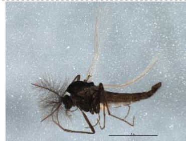
BIOUG05503-A03 [Lateral] Smittia
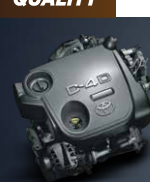
POWERFUL 1.4l DIESEL ENGINE
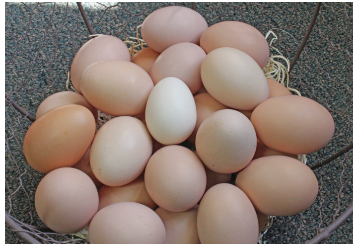
Figure 1. Backyard chickens can provide colorful eggs and companionship.

of birds, establishing a setback from neighboring property for housing, and a general prohibition of male chickens, or roosters. Most prohibit roaming poultry and are often enforced based on complaint. These ordinances sometimes include an exemption for student educational projects. Note that while chickens may be permitted, other livestock of interest such as ducks or turkeys may not be allowed. Make friends with your neighbors and verify any regulations to protect yourself and your birds from any problems. To confirm your zoning designation, visit the website of your city or county's Planning and Zoning department or contact them directly. You can also search your local ordinances at https://library.municode.com/fl .
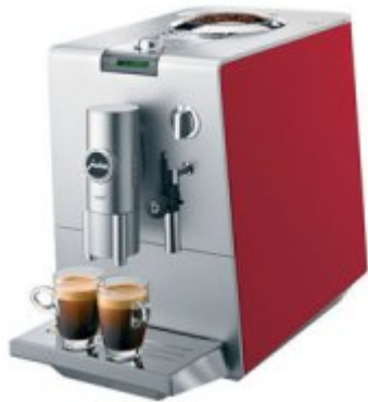
Figure 1 Fully automatic coffee machine 6

Fully automatic coffee machines operate automatically at the touch of a button and contain a complete preparation system with mill and pumps. Coffee beans are grinded to coffee grounds and are then compressed. With a pressure of at least 900 kPa 5 , the heated water (about 90°C) is pressed through the coffee powder. The coffee grounds are then automatically thrown into the pulp container and the brewed coffee goes directly into the provided cup/cups. Some automatic coffee machines even have an automated milk frothing, water filter and self-cleaning system. Most of the appliances can operate both with coffee powder and coffee beans.
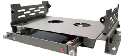
Smart Battery Kit
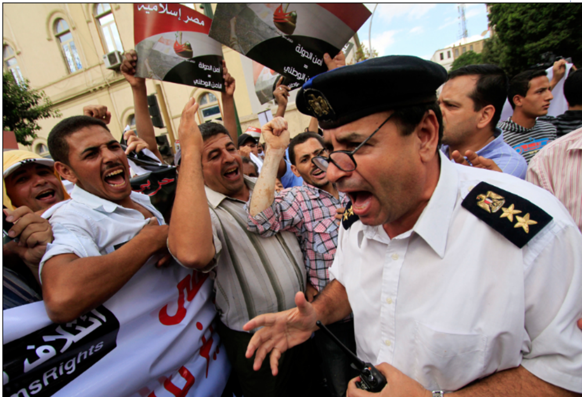
16 An Egyptian police officer joins demonstrators in chanting slogans during a protest in Cairo on Sept. 23. Holding posters that read, in Arabic, "Islamic Egypt," a group of Salafi Muslims protest emergency laws in front of the interior ministry. Salafis, who had not been politically active before the ouster of Hosni Mubarak as president, insist upon a government built upon Islamic laws. #
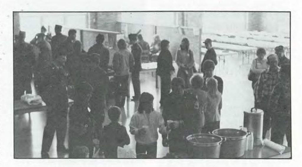
REFRESHMENTS SERVED — Families and employers of members of the 214th Maintenance Company at Coshocton and its Detachment 1 at Newark take time out for refreshments.
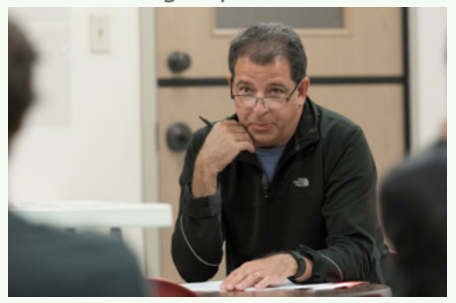
Make others feel welcome...
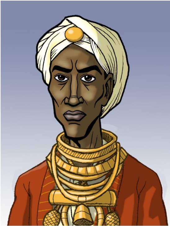
Tunka Manin (r. 1063-10?? CE) Soninke/ Mande
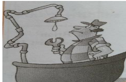
Figure 4. 1. a. 2. Repairman

Based on the data found on the same chapter and page with porter , the occupation also is stereotype to male in social role (occupation). The following picture :
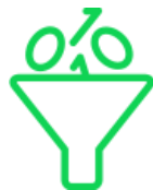
FLEXIBLE DATA COLLECTION
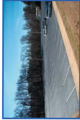
ABUNDANT ON-SITE PARKING
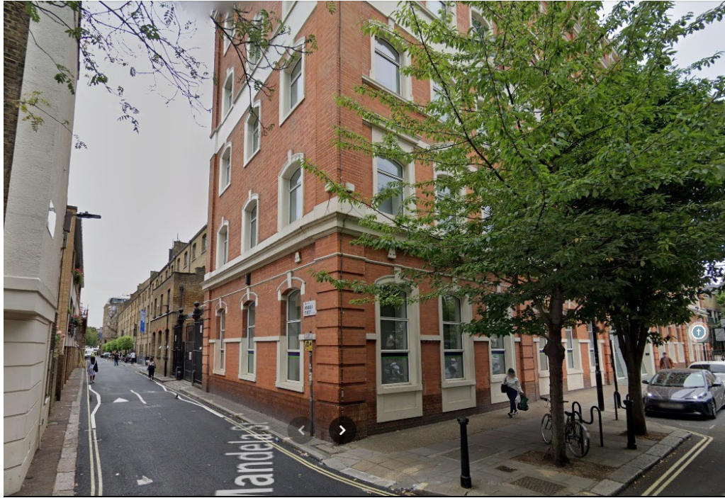
Existing google view showing corner elevations of Pratt and Mandela Streets.
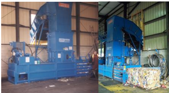
RMRS Baler with conveyor loader (2000)
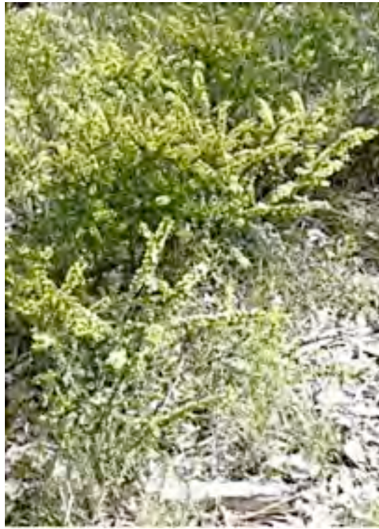
Above photo of Davies Wattles in the wild. They grow to about a metre in height.

Some shrub species to add will be Grevillea (Rosemary Grevillea - a good one for the area - the local Small Fruit Hakea with narrow leaves and great little white flowers, whose botanical name is Hakea microcarpa . This grows locally near Eagles Peaks and in the Nillahcootie area. You may know of it from elsewhere in the district.
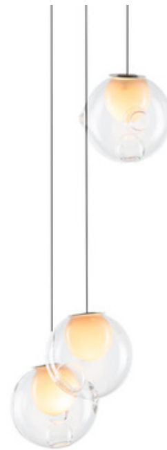
Shown in: Brushed Nickel / Clear

Series 28 is an exploration of specificity in manufacturing. Instead of designing form itself, the intent was to design a system of making that yields form. Individual 28 forms result from a complex glass-blowing technique whereby air pressure is intermittently introduced into and then removed from a glass matrix which is intermittently heated and then rapidly cooled. The result is a distorted spherical shape with a composed collection of imploded inner shapes, one of which acts as a shade for the light source. Available with 1.5W LED or 20W Xenon lamping. Choice of three, five, or seven pendants on a round Brushed Nickel or powder-coated White canopy. Each pendant includes 10 feet of adjustable coaxial cable. Bocci recommends mounting power supplies remotely in an easily accessible and hidden location for ease of long-term maintenance as well as providing a robust 5/8 inch plywood backing in the ceiling for secure installation.
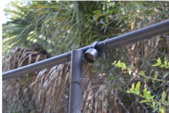
Fence cap separated from pole along north line

Potato vine also noted growing over fence from northern property across the street from 12060 Matera Lane.
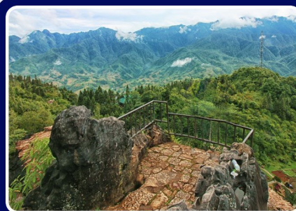
含龙山 Ham Rong Mountain

走在云龙玻璃栈道上, 仿佛悬浮在空中, 感受大自然的壮丽与震撼 Walking on the Yunlong Glass Skywalk feels like floating in the air, surrounded by the beauty and power of nature
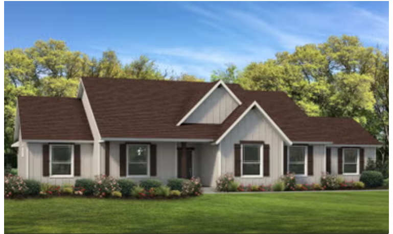
Elevation C | The Angelina GR
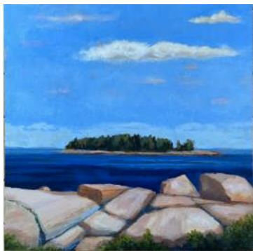
ROCKY COAST Acrylic on board 12 x 12" $500
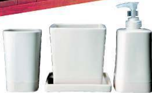
Ikea Vitskar 3-piece bathroom set $10.95
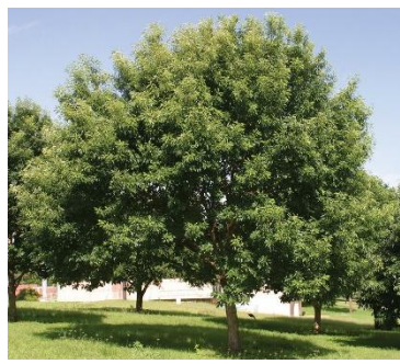
Quercus muehlenbergii Chinkapin Oak

Tolerates most soils, attracts many wildlife species. Light: Full Sun Height: 45' – 60' Spread: 50' – 70' Type: Deciduous Growth Rate: Medium Water Demand: Low/Medium
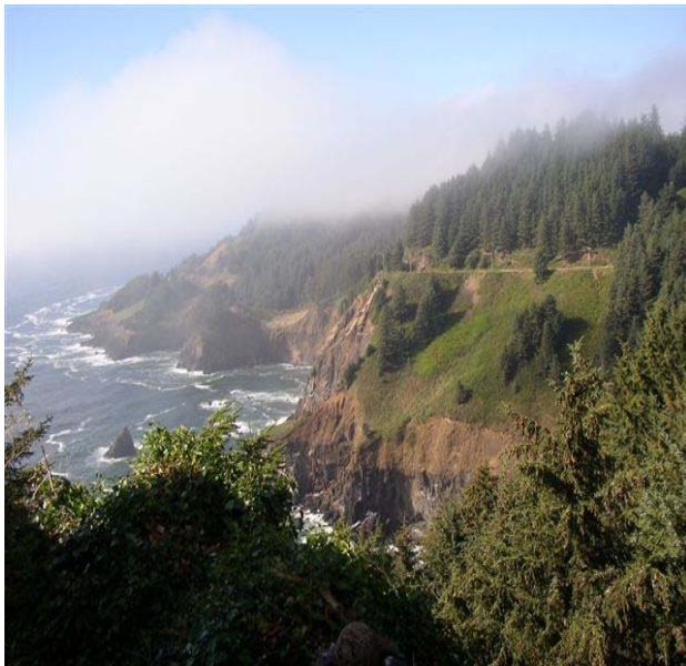
Oregon Coastline

• _TASK BRIEF_
Copy out each line of the data containing the string "automatic".

• _FINAL ANSWER_
Figure 1 Fully automatic coffee machine 6
Fully automatic coffee machines operate automatically at the touch of a button and contain a complete preparation system with mill and pumps. Coffee beans are grinded to coffee grounds and are then compressed. With a pressure of at least 900 kPa 5 , the heated water (about 90°C) is pressed through the coffee powder. The coffee grounds are then automatically thrown into the pulp container and the brewed coffee goes directly into the provided cup/cups. Some automatic coffee machines even have an automated milk frothing, water filter and self-cleaning system. Most of the appliances can operate both with coffee powder and coffee beans.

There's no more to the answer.